2026-03-05

What is a Linear Relationship

A linear relationship means that as one variable increases, the other variable changes at a constant rate.

Examples: Height vs Weight, Miles Driven vs Gas Used, Tree Girth vs Tree Volume

Scatterplot in R with Trees Data

We can use the built-in trees dataset, with measurements of 31 trees.

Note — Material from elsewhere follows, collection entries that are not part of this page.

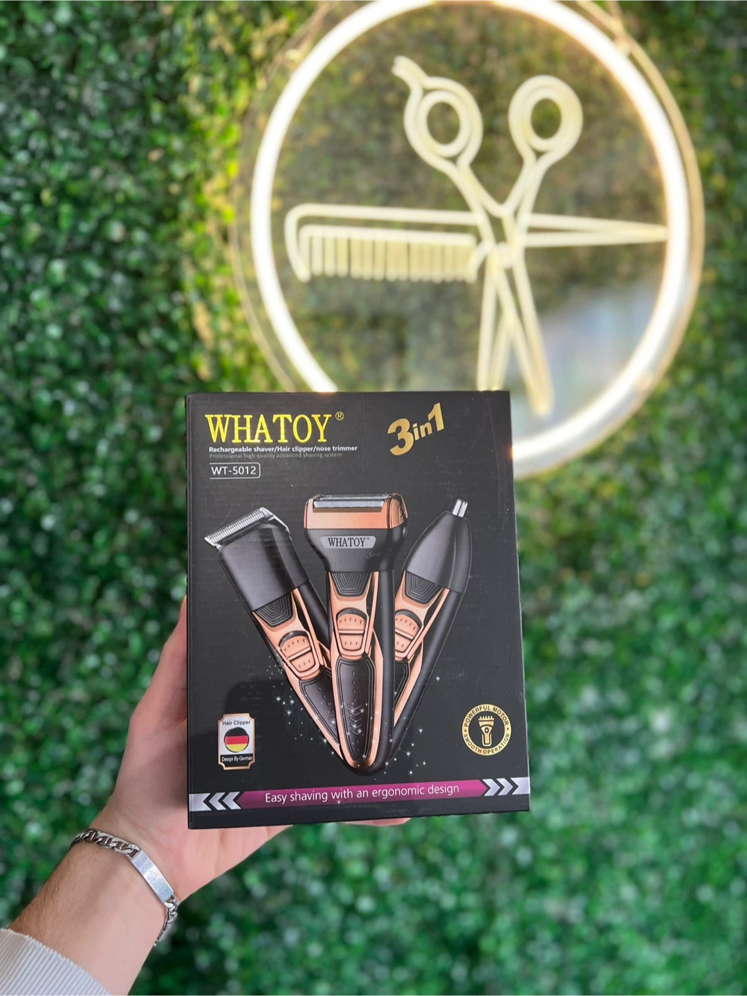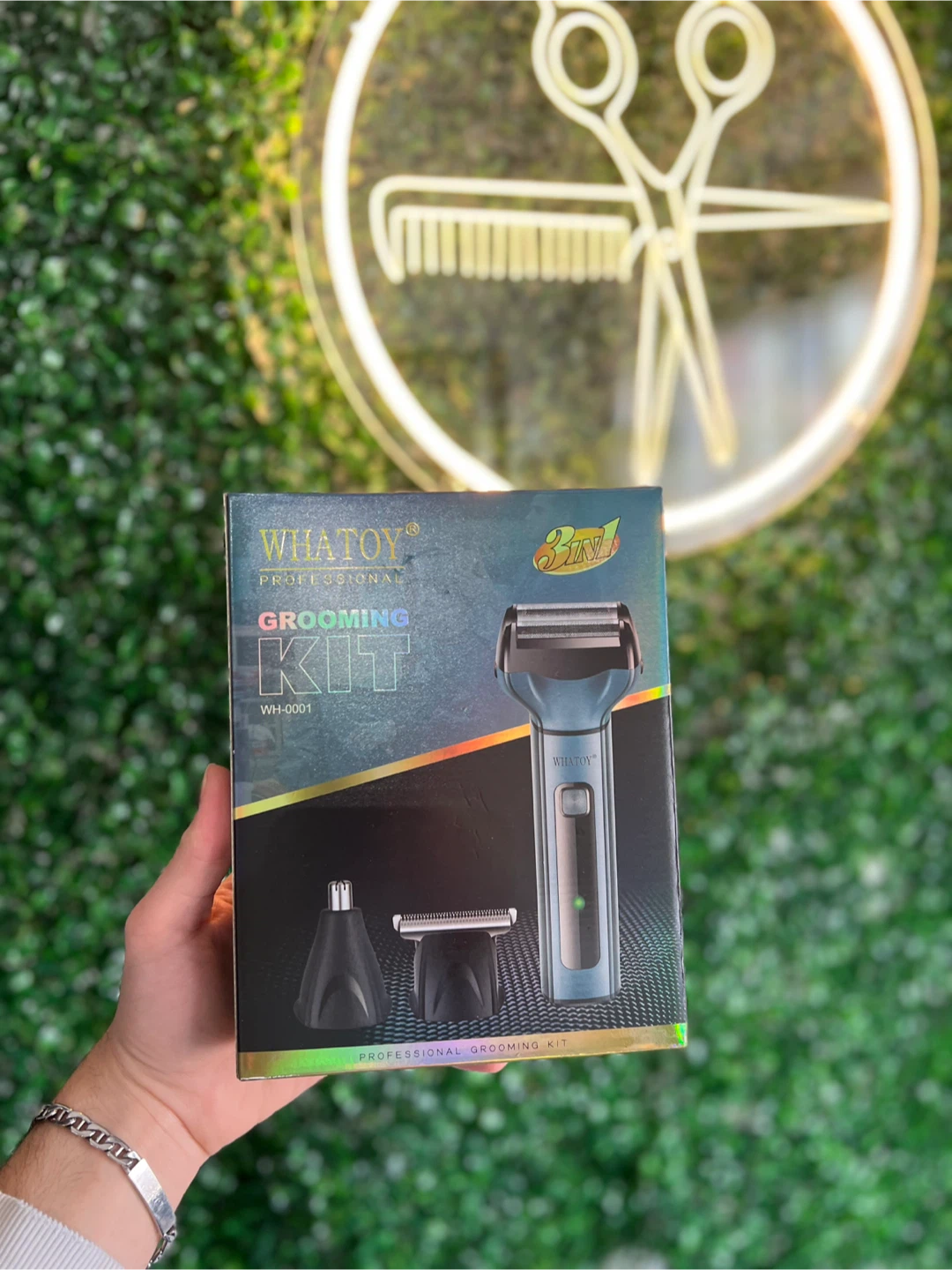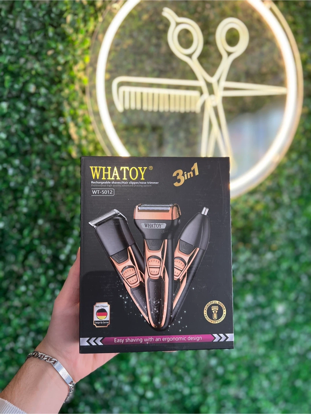 This WHAToy 3-in-1 grooming kit features a rechargeable shaver, hair clipper, and nose trimmer. It includes interchangeable heads for versatile grooming. Designed for easy shaving with an ergonomic grip.
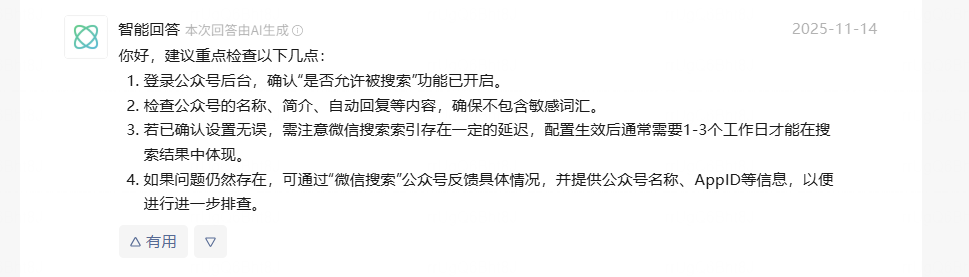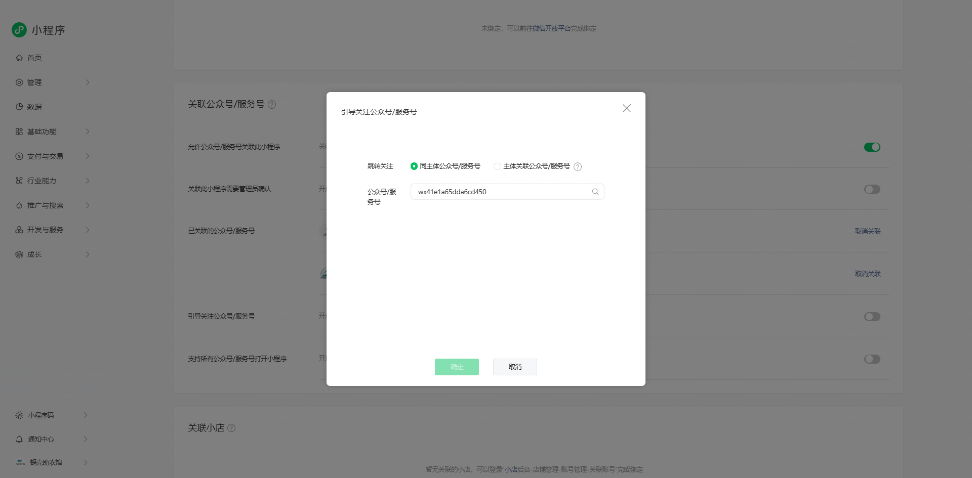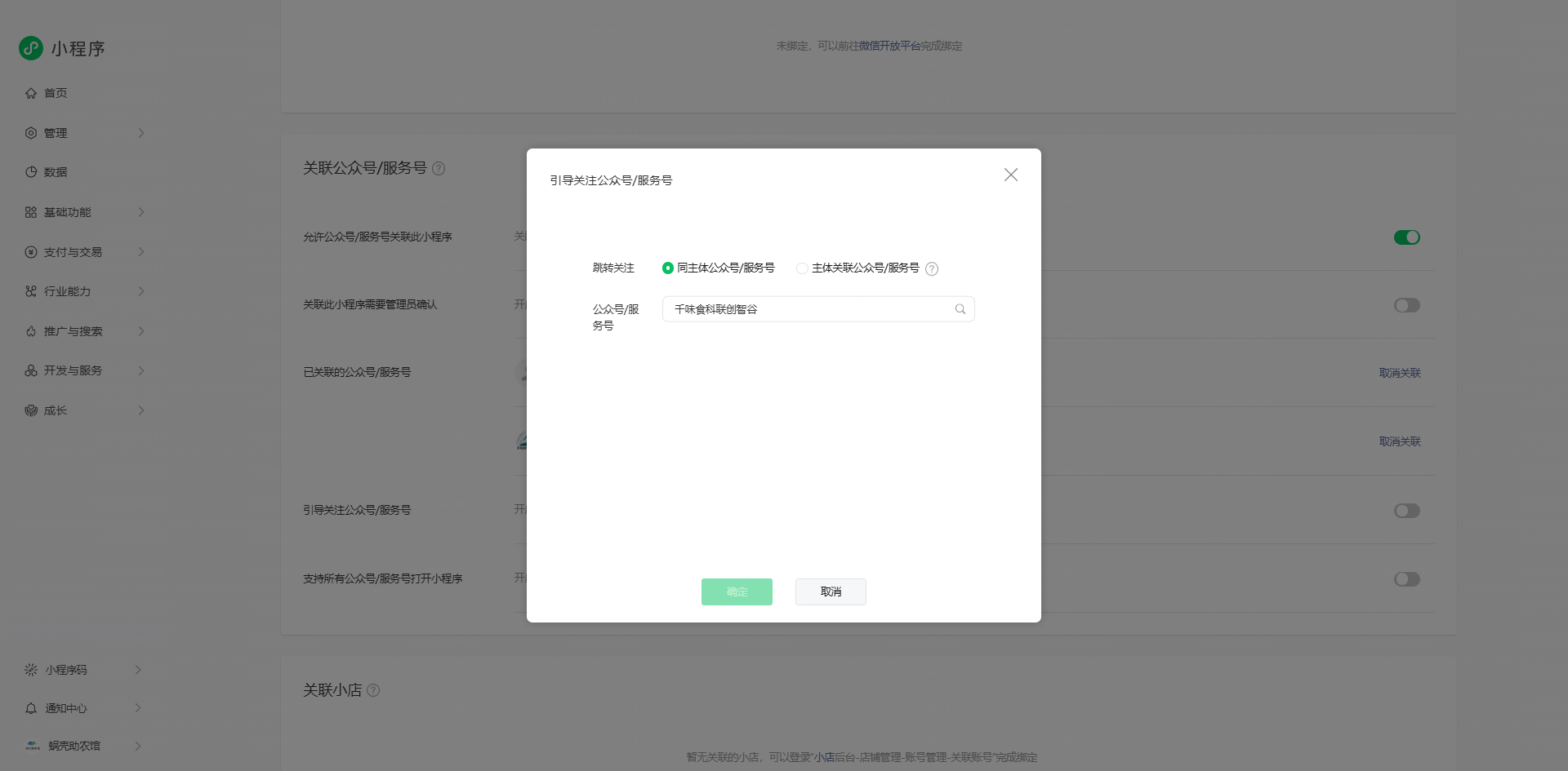 同主体,小程序引导关注公众号中搜索不到;已根据其他帖子的操作方式排查,并且过了3天重新进行操作,仍无法实现
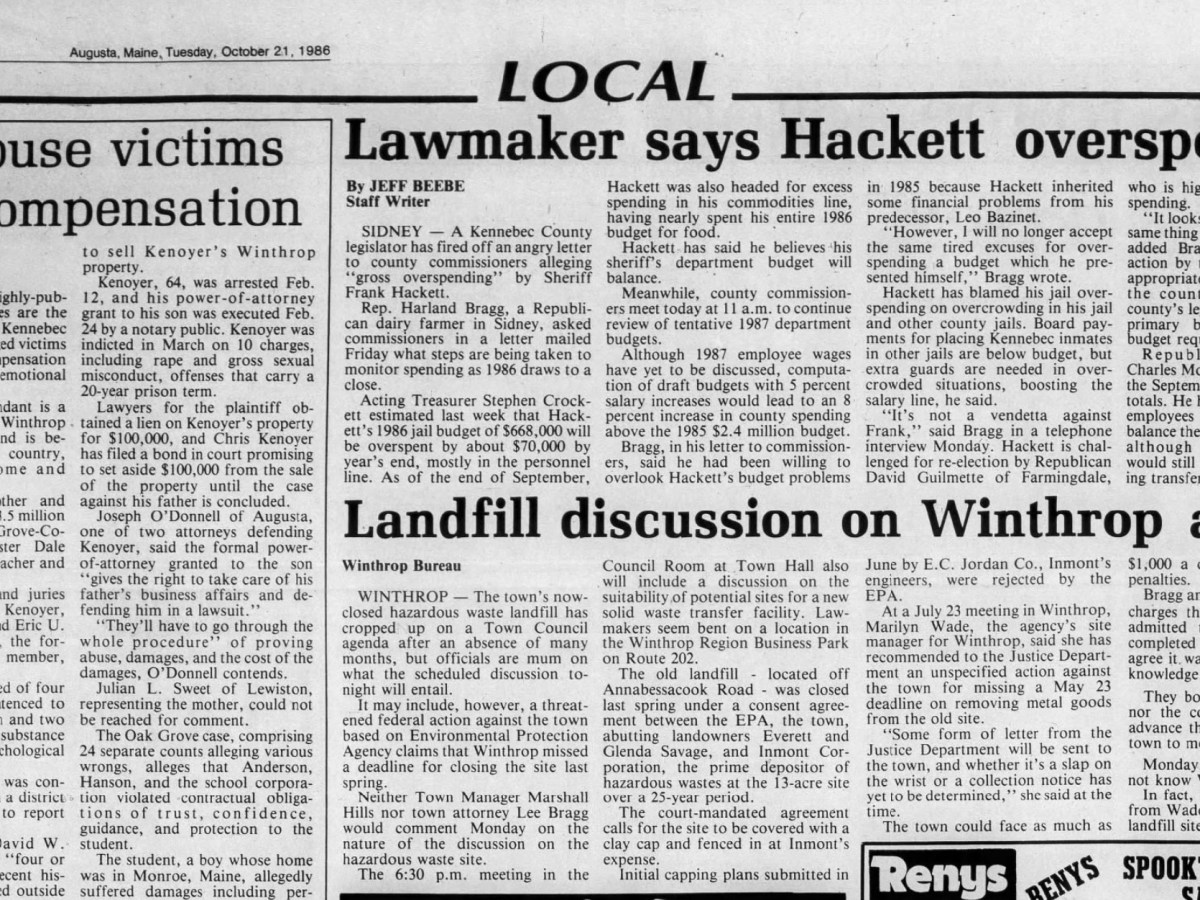 Oct. 21, 1986: Kennebec County legislator writes angry letter to county commissioners alleging ‘gross overspending’ by sheriff, sex abuse victims seek compensation, and landfill discussion on Winthrop agenda tonight
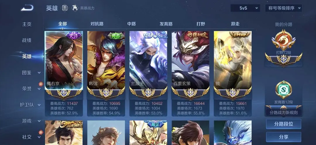 抢先服与正式服互通⭐历史国服最强打野分路✨七国服最强打野玄策韩信镜✨72段打野可排可巅峰✨
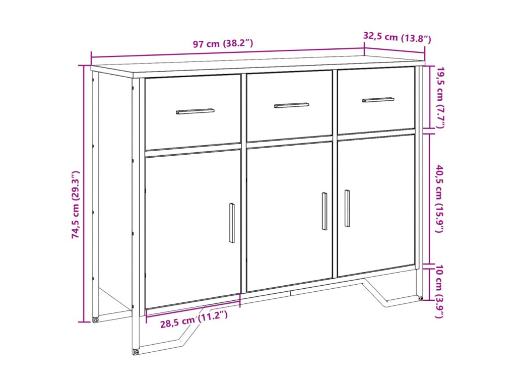 - Stabilní a robustní horní část: Horní část příborníku se skvěle hodí k vystavení dekorativních předmětů, fotorámečků a pokojových rostlin.
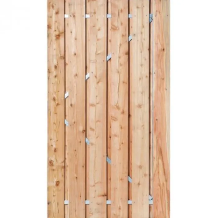 HomingXL Tuindeur met ijzeren frame 195 cm hoog, tenzij anders vermeld, en in diverse breedtes leverbaar. Het frame is voorzien van douglas, geschaafde planken. De planken zijn 14 cm breed, 1,6 cm dik en de totale hoogte is 195 cm. Je kunt de hoogte inkorten door de planken af te zagen.
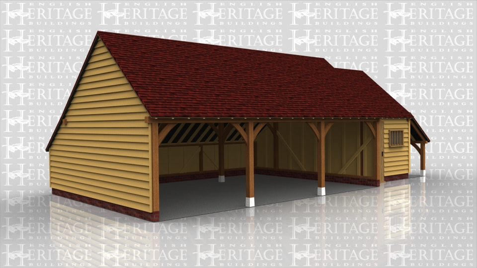 This is a 3 bay open fronted garage with gable ends with a single bay store on the side. The store also has a gable end and a catslide log store on the side. The store is accessed through a solid single door and also has a mullion window.
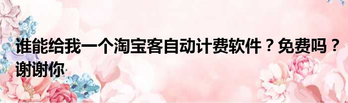 导读 大家好,今天小六子来为大家解答以下的问题,关于谁能给我一个淘宝客自动计费软件?免费吗?谢谢你这个很多人还不知道,现在让我们一起来看
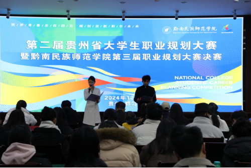 2024年12月15日,由黔南民族师范学院历史与民族学院承办的第二届贵州省大学生职业规划大赛暨黔南民族师范学院第三届职业规划大赛就业赛道决赛在行政楼一楼东报告厅隆重举行。此次活动是我校加强高校生涯教育和就业指导、增强大学生生涯规划意识、促进高校毕业生高质量充分就业的又一次重要行动。经过各二级学院层层选拨,最终25名选手以优异成绩脱颖而出参加此次校级决赛。
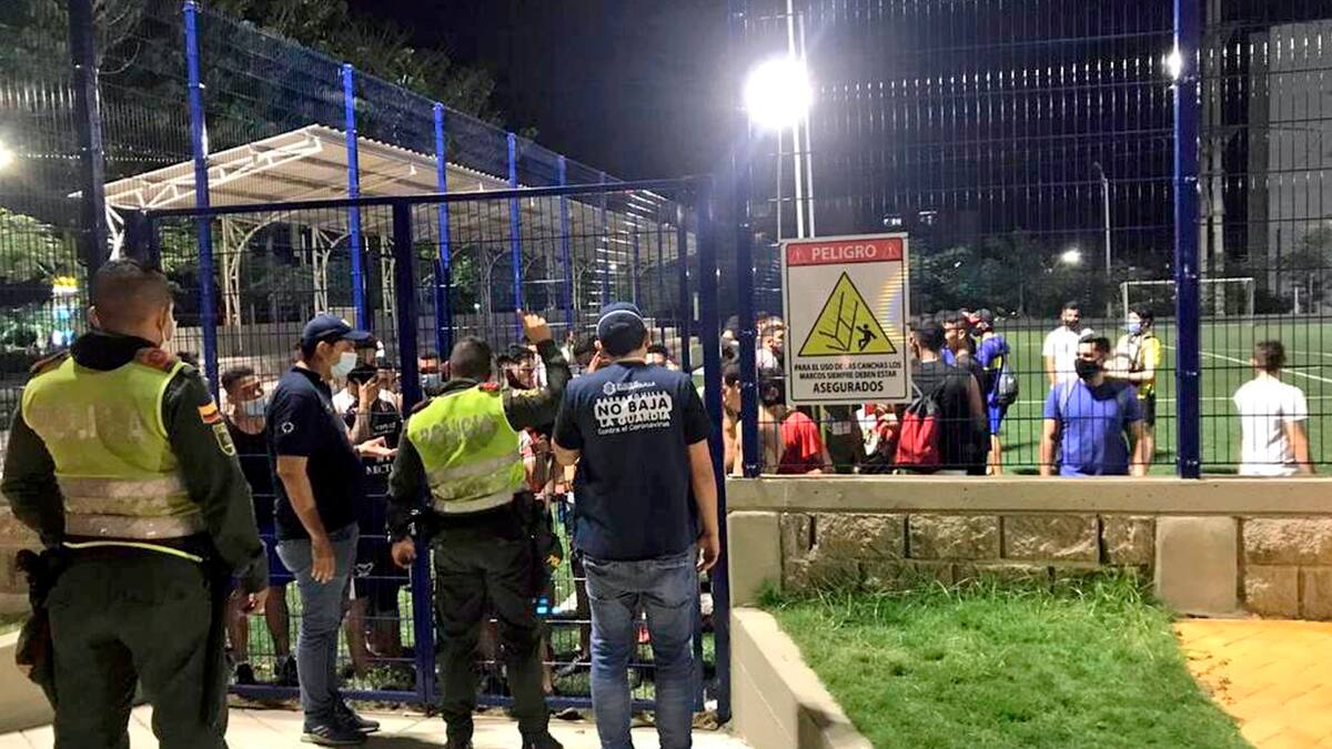 En la noche de este viernes un grupo de jóvenes se reunió en el Parque Tívoli, ubicado en el norte de Barranquilla, para 'echar una pateada' en una de las canchas de este escenario polideportivo. Pese a la prohibición del uso de las canchas sintéticas de fútbol, estas personas decidieron saltar las vallas para ingresar a la cancha.

Using a linear relationship, we can visualize relationships like: Volume vs Girth and Volume vs Height

Volume vs Girth

plot(trees$Girth, trees$Volume, xlab = "Girth", ylab = "Volume", 
     main = "Trees: Volume vs Girth")

Volume vs Height

plot(trees$Height, trees$Volume, xlab = "Height", ylab = "Volume", 
     main = "Trees: Volume vs Height")

What is Linear Regression

Linear regression finds the best straight line that predicts Y from X. We model:

Regression Model

The simple linear regression equation is

\[Y = \beta_0 + \beta_1 X + \epsilon\]

where \(Y\) = dependent variable

\(X\) = independent variable

\(\beta_0\) = intercept

\(\beta_1\) = slope

\(\epsilon\) = random error

Interpreting the Equation

The slope coefficient tells us how \(Y\) changes when \(X\) increases.

If \[ \beta_1 > 0 \]

then \(Y\) increases as \(X\) increases.

If \[ \beta_1 < 0 \]

then \(Y\) decreases as \(X\) increases.

ggplot Regression Line

Least Squares Method

The regression line is found by minimizing the sum of squared residuals.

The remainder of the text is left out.